FIG 3MALD-TOF MS analysis of the C4 LC fractions 8 to 10. The peak of m/z 3,645 and its singly charged protein peak (m/z 7,289) are evident in fraction 9.
FIG 4Nano-LC-MS/MS spectra for identification of RS14Z_ENTFA. The identified protein sequence is underlined.

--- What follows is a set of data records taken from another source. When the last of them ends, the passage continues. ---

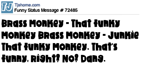 X Brass Monkey - That funky Monkey Brass Monkey - Junkie That funky Monkey. That's funny, right? No? Dang.
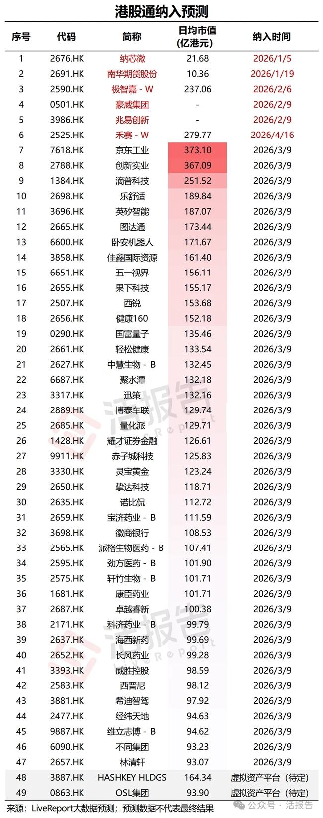 根据LiveReport,本次有望纳入的公司有:京东工业、创新实业、滴普科技、乐舒适、英矽智能、赤子城科技、图达通、卧安机器人、佳鑫国际资源、五一视界、国富量子、果下科技、西锐、健康160、轻松健康、中慧生物-B、聚水潭、迅策、博泰车联、量化派、耀才证券金融、灵宝黄金、挚达科技、派格生物医药-B、劲方医药-B、诺比侃、宝济药业-B、徽商银行、轩竹生物-B、长风药业、康臣药业、卓越睿新、科济药业-B、海西新药、维立志博-B、威胜控股、西普尼、希迪智驾、经纬天地、不同集团、林清轩等41只股票有望于2026年3月9日的定期检讨中纳入港股通。HASHKEYHLDGS、OSL集团等2家虚拟资产交易平台能否纳入港股通有待观察。
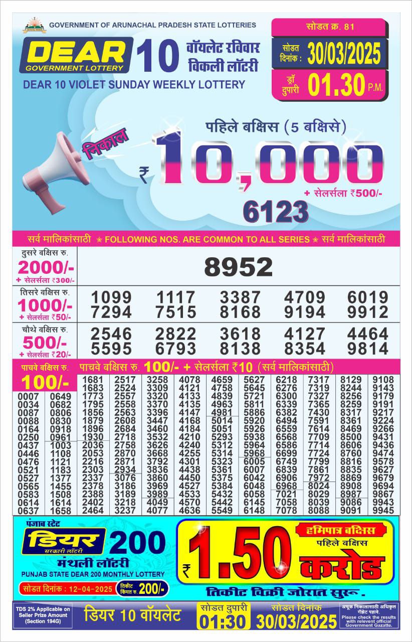 Dear 10 violet sunday weekly lottery 1:30 pm result 23-3-25
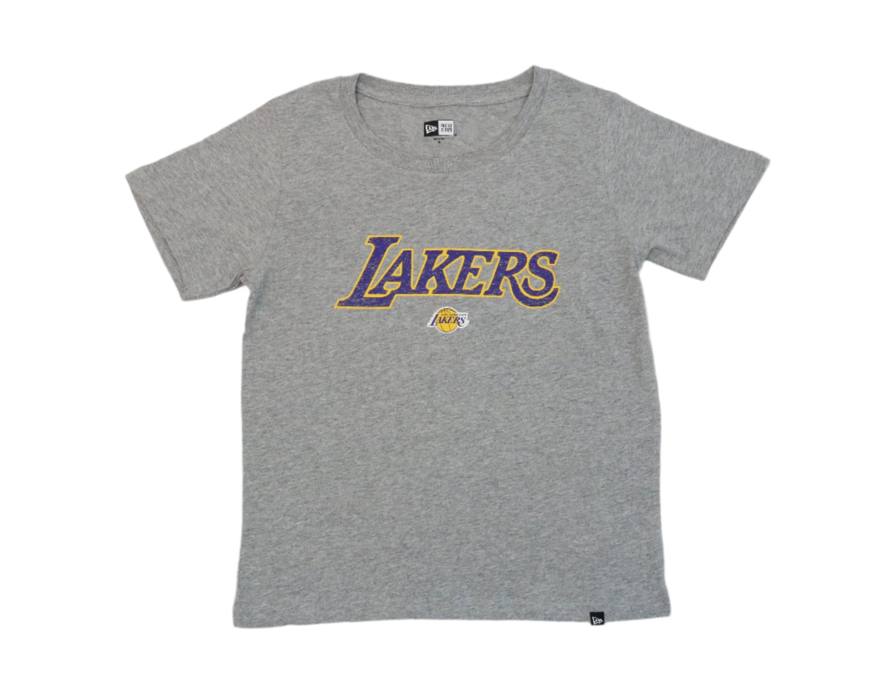 Elevate your game with the Lakers Women's Evergreen Wordmark SS Tee from New Era. Show your love for the Lakers in style and comfort with this gray t-shirt, featuring a bold wordmark that will make a statement both on and off the court. Add this essential piece to your Lakers collection now!
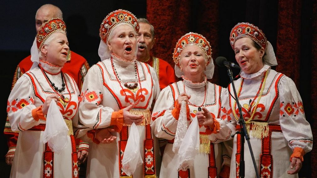 Ансамбль «Ватага» и танцевальный коллектив «Эрклез» выступают в зале «Дружба». Все собранные ...
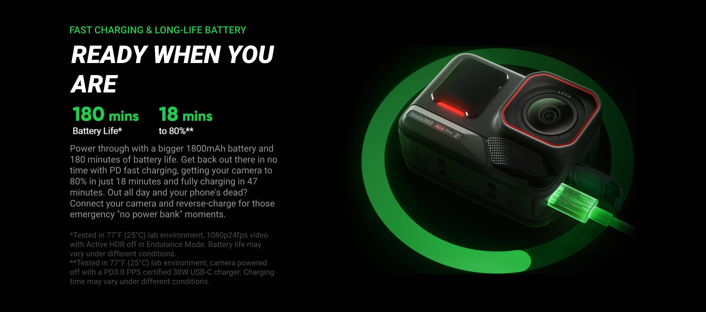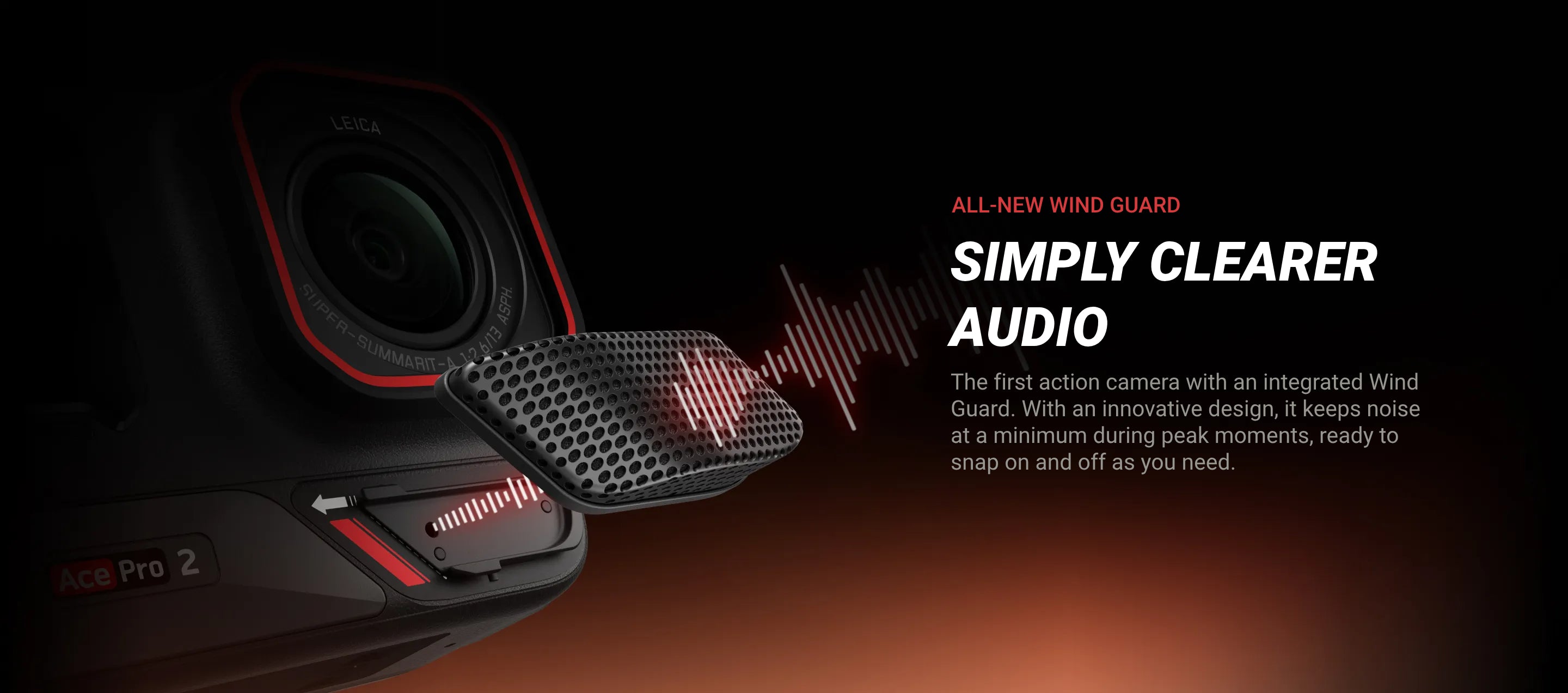- READY FOR ACTION: Waterproof to 39ft (12m), an all-new Wind Guard for clearer audio, a fast-charging battery, and a removable Lens Guard make Ace Pro 2 an action specialist. Super smooth FlowState Stabilization and a 157° wide-angle lens make POV shots more immersive than ever
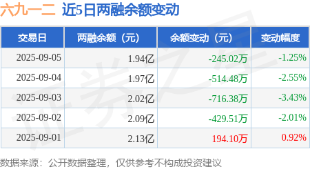证券之星消息,9月5日,六九一二(301592)融资买入805.64万元,融资偿还1050.87万元,融资净卖出245.23万元,融资余额1.94亿元。
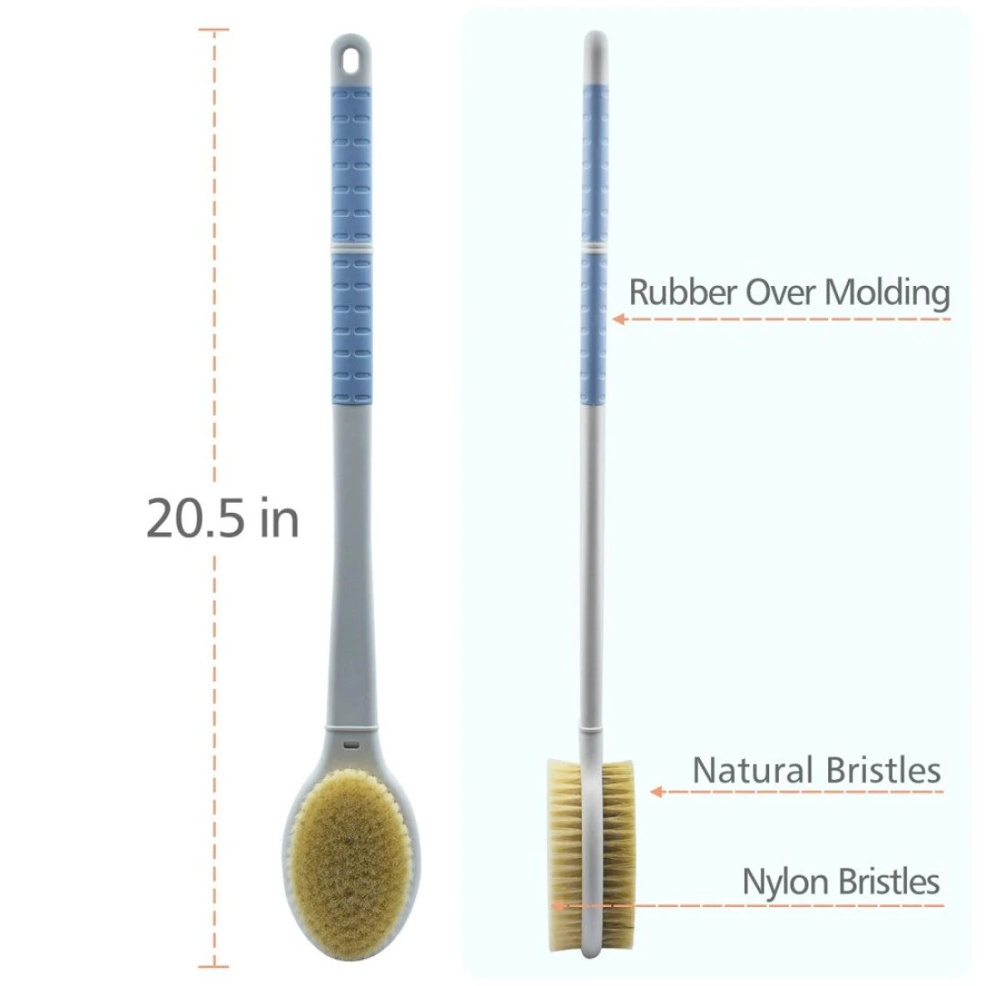 Shower Brush with Soft and Stiff Bristles,20.5" Extra Long Handle Dual-Sided Back Scrubber Bath Brush Body Exfoliator for Wet or Dry Brushing (EXTRA LONG HANDLE)
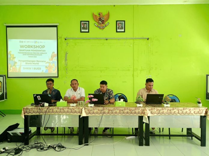 Berdikari.Online – SMKN 1 Buer, Kabupaten Sumbawa, NTB kini tengah memfokuskan program pengembangan Usaha Mikro, Kecil dan Menengah (UMKM) melalui berbagai produk kreatif siswa, seperti batik, resin gantungan kunci, trali, hingga produk makanan olahan. Untuk memperkuat wawasan kewirausahaan pelajar, sekolah menghadirkan dua dosen Fakultas Ekonomi dan Bisnis (FEB) Universitas Teknologi Sumbawa (UTS) sebagai narasumber pada kegiatan yang berlangsung 5 Desember lalu.
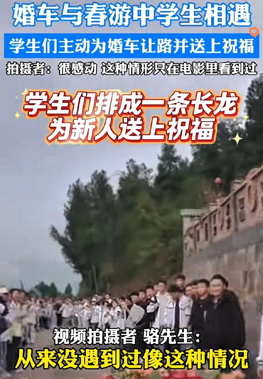 四川泸州这场婚礼的“顶级排面”,竟是一群陌生学生给的! 3月21号,新人接亲车队遇上春游的学生,窄窄的乡间小路本以为要堵车,孩子们却齐刷刷往路边靠,笑着挥手喊祝福。 接亲的骆先生当场激动到掉泪,说从没见过这么暖心的场面。网友都说这是“百子送福”,花钱都买不来的好兆头。 新人遗憾喜糖不够分,婚礼一结束就想着给孩子们补发。 真正的教养从不是刻意表演,而是刻在骨子里的善意。 孩子们让出的不只是路面,更是对他人幸福的真诚守护,这种不加修饰的温暖,比任何豪车排场都珍贵。 生活里的美好从不是计划好的,而是这些不期而遇的真诚。 你见过哪些陌生人之间的暖心瞬间?
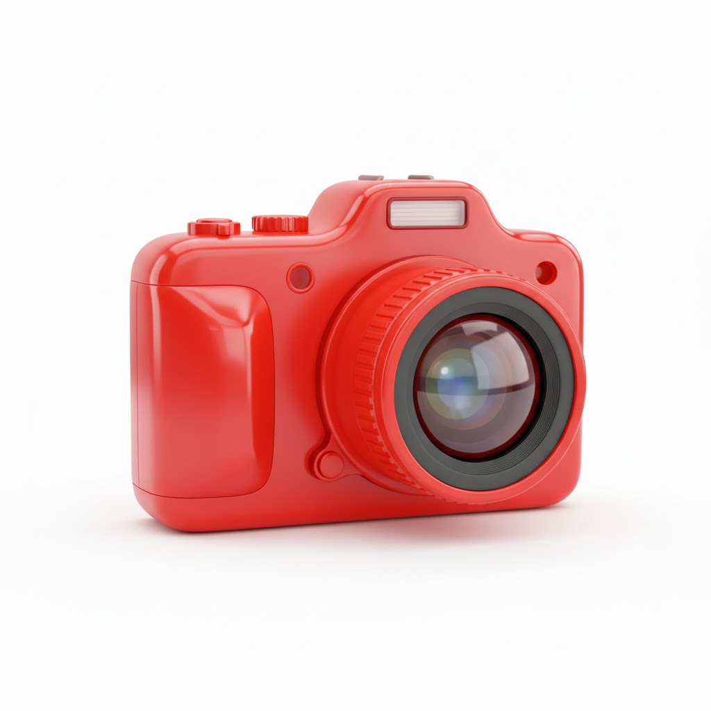 a 3D rendered icon of a camera in the style of the attached image, red colors, smooth glossy finish, simple, clean, isolated on a white background, studio light
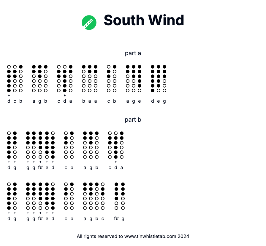 "South Wind" is a traditional Irish air, perfect for beginners. Its flowing melody showcases beautiful ornamentation and is often played in a lively 6/8 jig style.
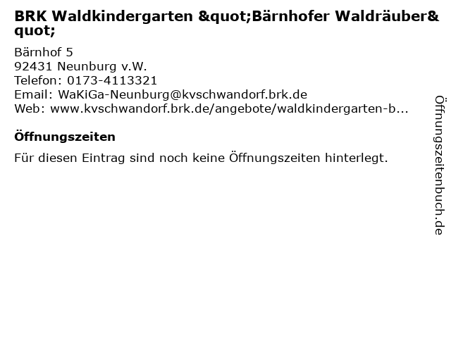 | BRK Waldkindergarten "Bärnhofer Waldräuber" anrufen | |

FIG 5(a) Schematic illustration of the application of the VREfm model. A timeline of the bacterial culture testing using currently used clinical tests (i.e., traditional approach) and a modified timeline with the VREfm model incorporated (i.e., ML approach) are shown. In the traditional approach, specimens are collected for bacterial culture test. Usually, 1 day is needed for growth of a single colony for species identification (by MALDI-TOF MS). Vancomycin AST for VREfm requires another 1 day. In contrast, in the ML approach, the VREfm model can provide preliminary AST results at the time when the bacterial species is identified by MALDI-TOF MS. In the treatment of VREfm, the ML approach can improve the accuracy of antibiotic use. Meanwhile, the turnaround time of the bacterial culture test can be reduced to 1 day, which is a 50% reduction. (b) Schematic illustration of the study design. The study included several steps, i.e., data collection, data preprocessing, predictor candidate extraction and important predictor selection, and model training, evaluation, and testing. Data were obtained from two tertiary medical centers (Linkou and Kaohsiung branches of CGMH). The data included mass spectra and results of the vancomycin susceptibility testing of E. faecium strains. Data from the CGMH Linkou branch were used for model training and validation, while data from the CGMH Kaohsiung branch served as independent testing data. In the steps of data preprocessing and predictor candidate extraction and important predictor selection, a specific set of crucial predictors was used for model training. k-fold, timewise CV, and external validation were used to confirm the models’ robustness. The VREfm prediction model can detect VREfm accurately at least 1 day earlier than the current method can.